DATASET EXCERPTS:
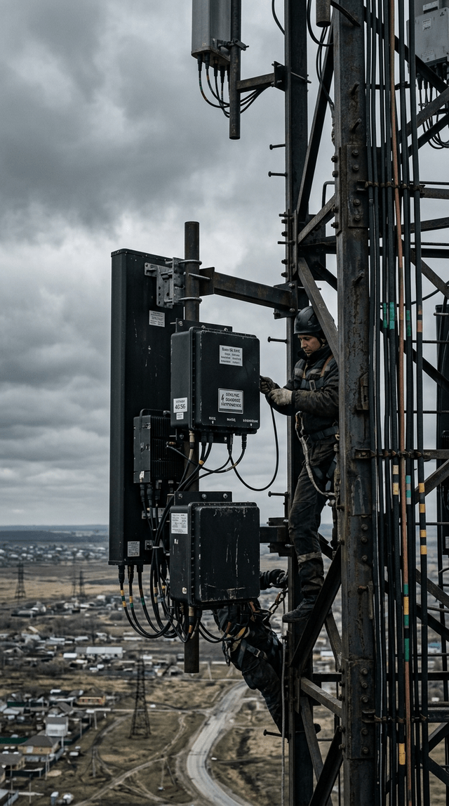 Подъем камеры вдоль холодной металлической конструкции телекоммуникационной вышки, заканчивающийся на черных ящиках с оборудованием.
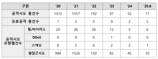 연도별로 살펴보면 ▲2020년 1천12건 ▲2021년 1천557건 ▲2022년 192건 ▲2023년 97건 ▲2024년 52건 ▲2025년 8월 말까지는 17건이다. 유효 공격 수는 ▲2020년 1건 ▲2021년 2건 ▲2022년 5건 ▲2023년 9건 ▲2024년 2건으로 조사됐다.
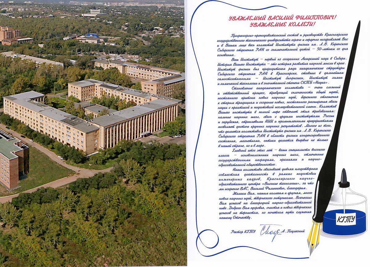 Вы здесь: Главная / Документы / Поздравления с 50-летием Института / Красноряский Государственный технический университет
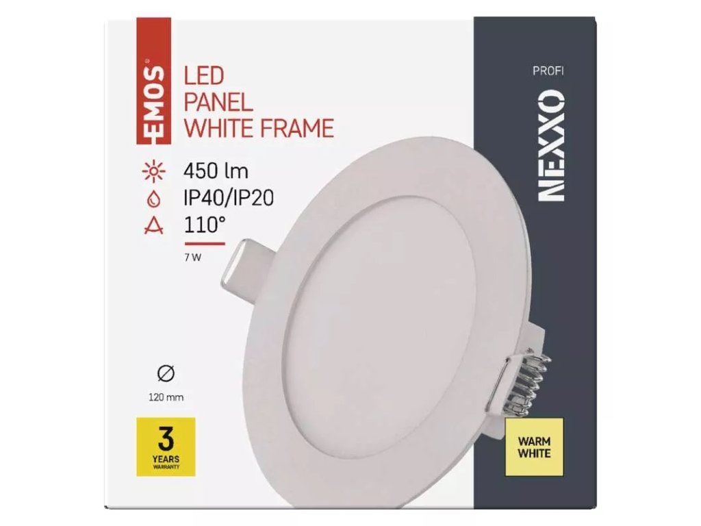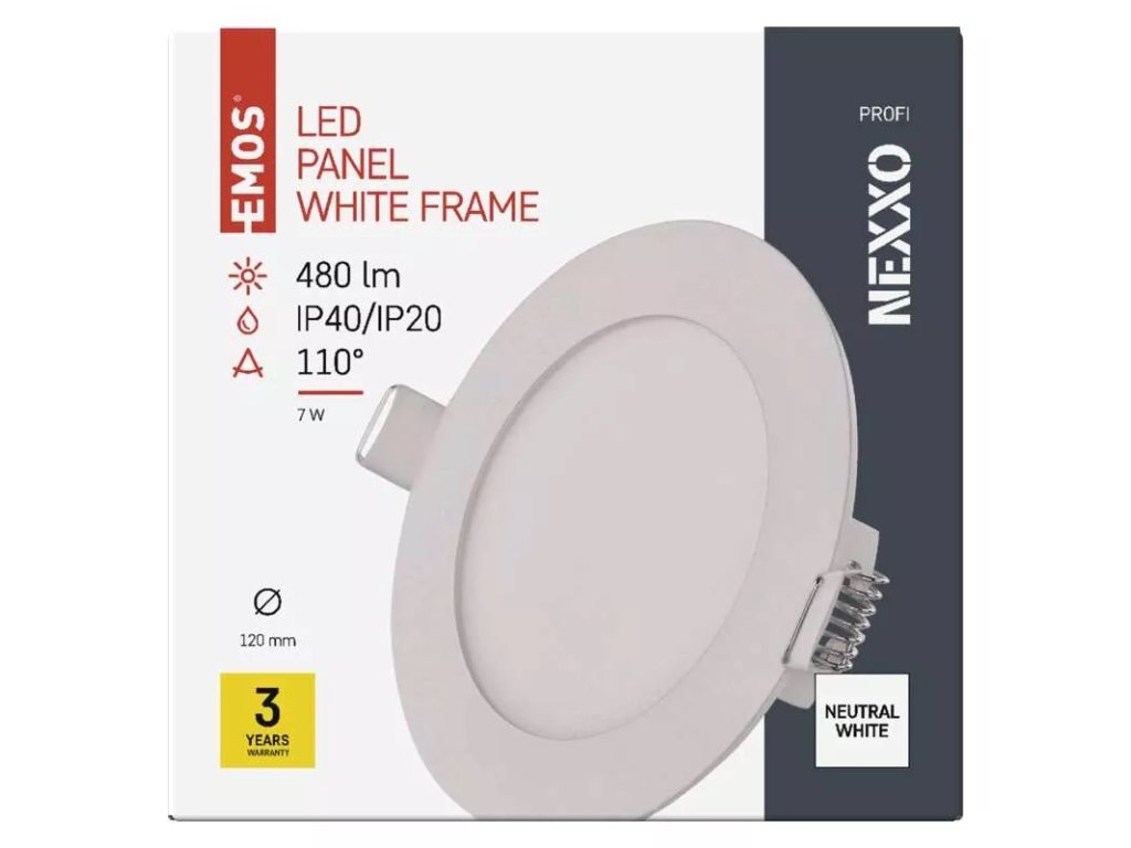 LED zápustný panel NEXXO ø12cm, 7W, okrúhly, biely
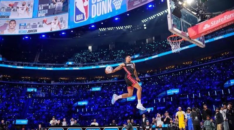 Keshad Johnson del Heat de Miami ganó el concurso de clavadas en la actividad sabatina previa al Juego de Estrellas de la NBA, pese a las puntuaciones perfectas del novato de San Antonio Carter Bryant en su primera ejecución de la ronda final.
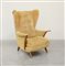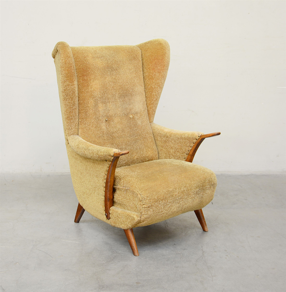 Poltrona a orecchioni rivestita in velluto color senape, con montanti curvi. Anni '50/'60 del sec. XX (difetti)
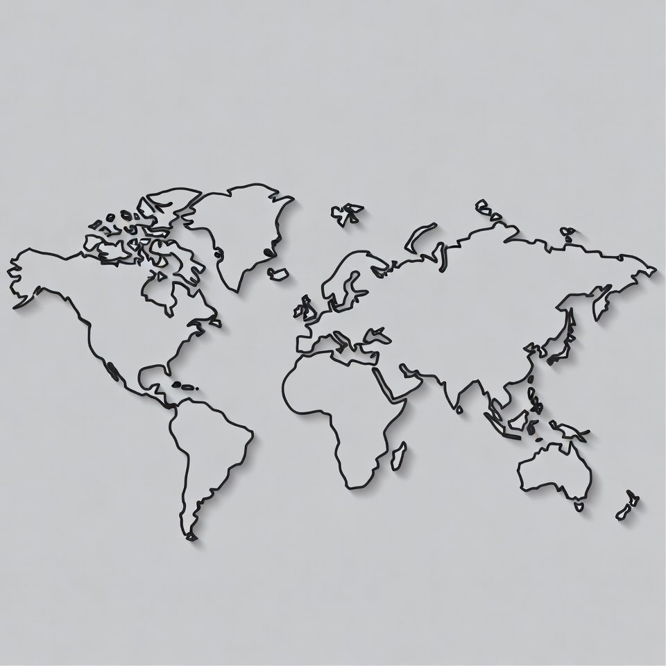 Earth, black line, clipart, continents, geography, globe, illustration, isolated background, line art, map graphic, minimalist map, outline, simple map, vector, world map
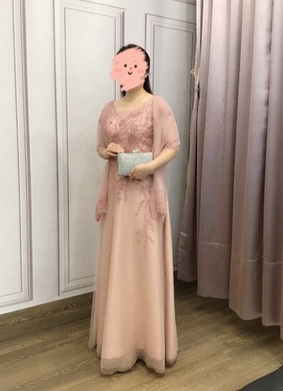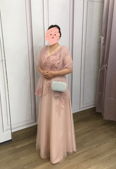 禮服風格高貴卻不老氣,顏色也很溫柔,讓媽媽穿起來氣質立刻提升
==
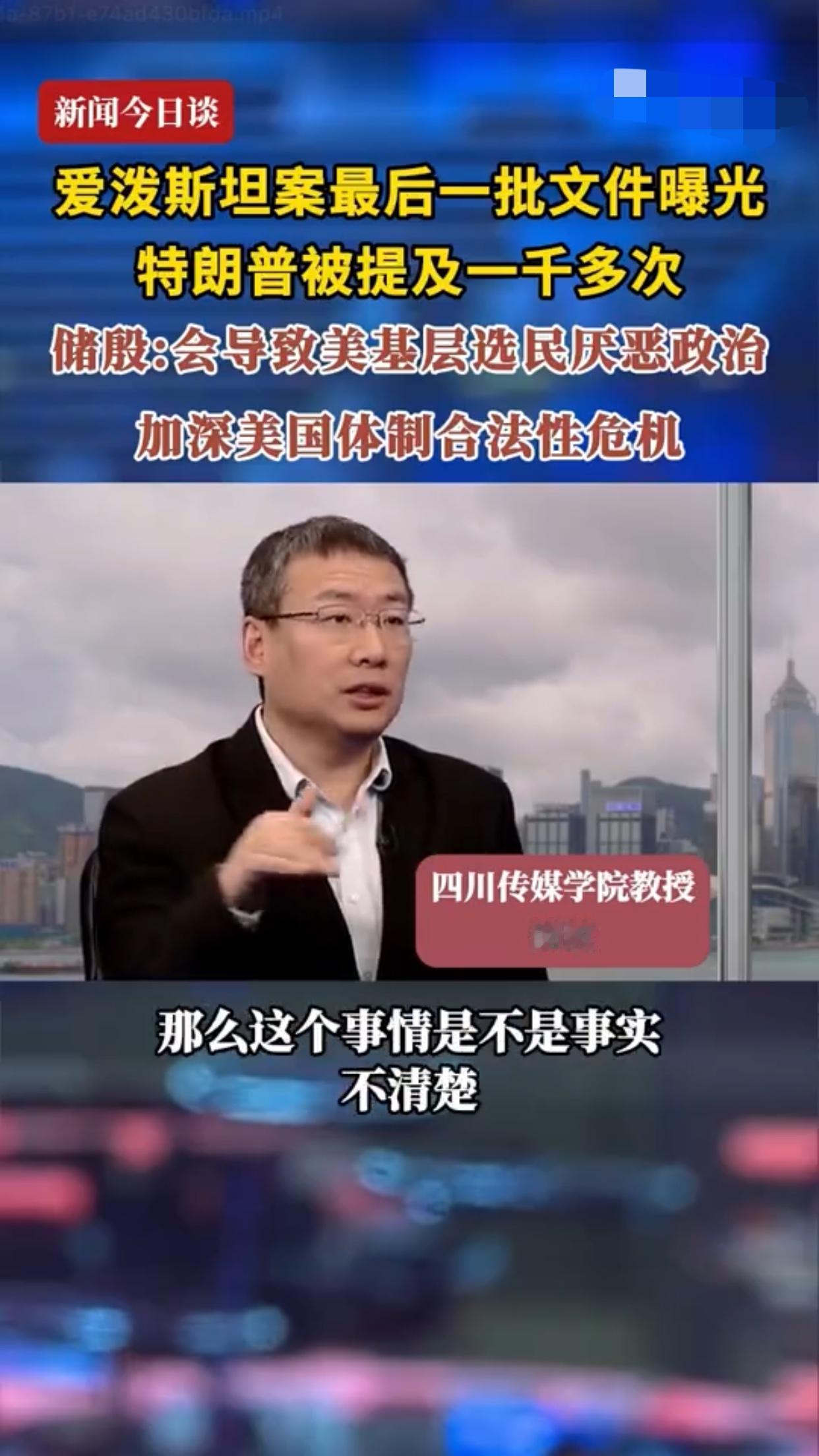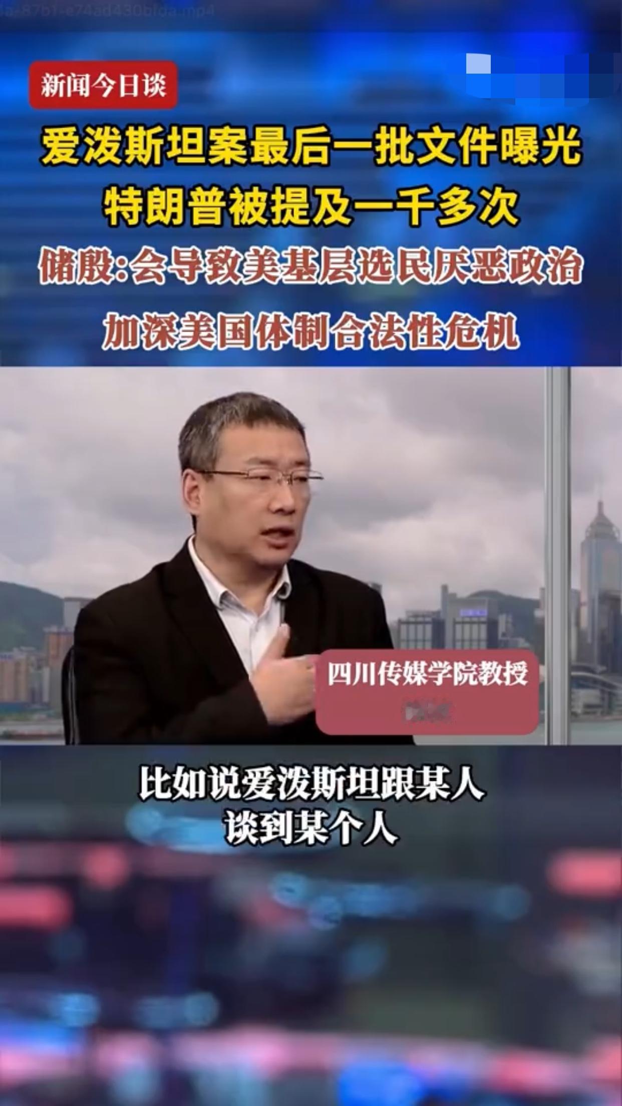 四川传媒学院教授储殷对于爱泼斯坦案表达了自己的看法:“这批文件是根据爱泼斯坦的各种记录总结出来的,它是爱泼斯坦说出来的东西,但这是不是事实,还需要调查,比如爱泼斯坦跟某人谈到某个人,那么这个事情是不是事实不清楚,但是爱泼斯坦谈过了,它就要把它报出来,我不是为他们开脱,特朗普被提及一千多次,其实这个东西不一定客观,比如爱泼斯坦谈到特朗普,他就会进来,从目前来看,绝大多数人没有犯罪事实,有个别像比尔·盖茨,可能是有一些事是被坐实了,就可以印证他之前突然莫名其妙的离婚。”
* * *
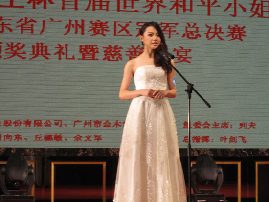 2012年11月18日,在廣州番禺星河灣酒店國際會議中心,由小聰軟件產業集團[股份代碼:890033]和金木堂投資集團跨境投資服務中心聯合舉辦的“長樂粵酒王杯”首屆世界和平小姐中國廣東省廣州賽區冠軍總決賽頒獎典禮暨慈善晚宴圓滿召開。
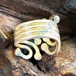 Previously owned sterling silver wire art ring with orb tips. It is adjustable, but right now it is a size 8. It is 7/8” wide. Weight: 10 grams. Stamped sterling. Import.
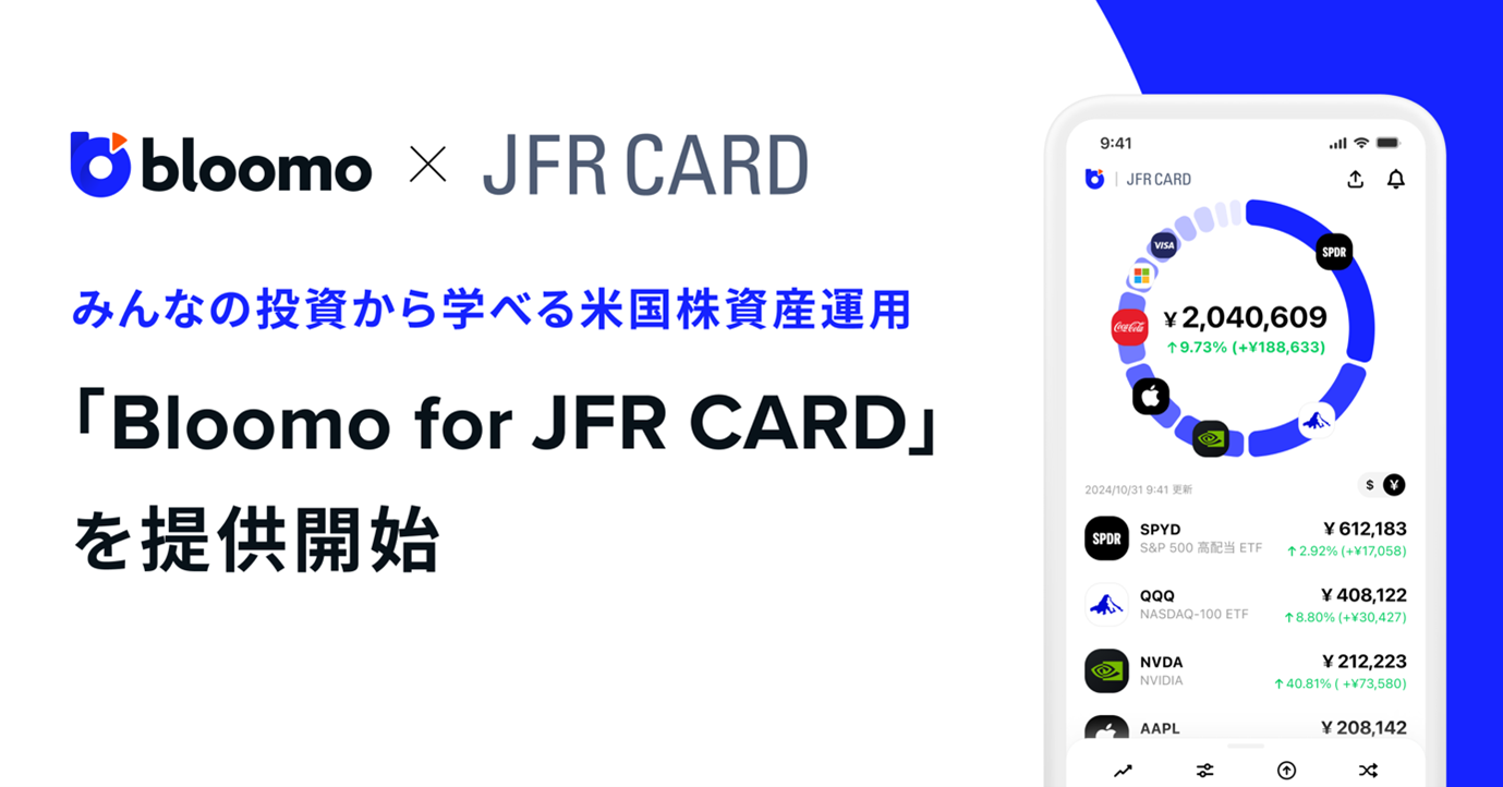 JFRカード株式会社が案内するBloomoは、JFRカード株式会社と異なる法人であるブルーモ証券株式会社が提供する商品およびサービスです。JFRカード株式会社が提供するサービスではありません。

PROBLEM TO WORK ON: Above are records with pictures. Reproduce exactly only the lines from the line with "Вы здесь: Главная" through the line with "LED zápustný panel", both ends included, and leave the pictures out.

OUTPUT OF THE EXERCISE:
 Вы здесь: Главная / Документы / Поздравления с 50-летием Института / Красноряский Государственный технический университет
 LED zápustný panel NEXXO ø12cm, 7W, okrúhly, biely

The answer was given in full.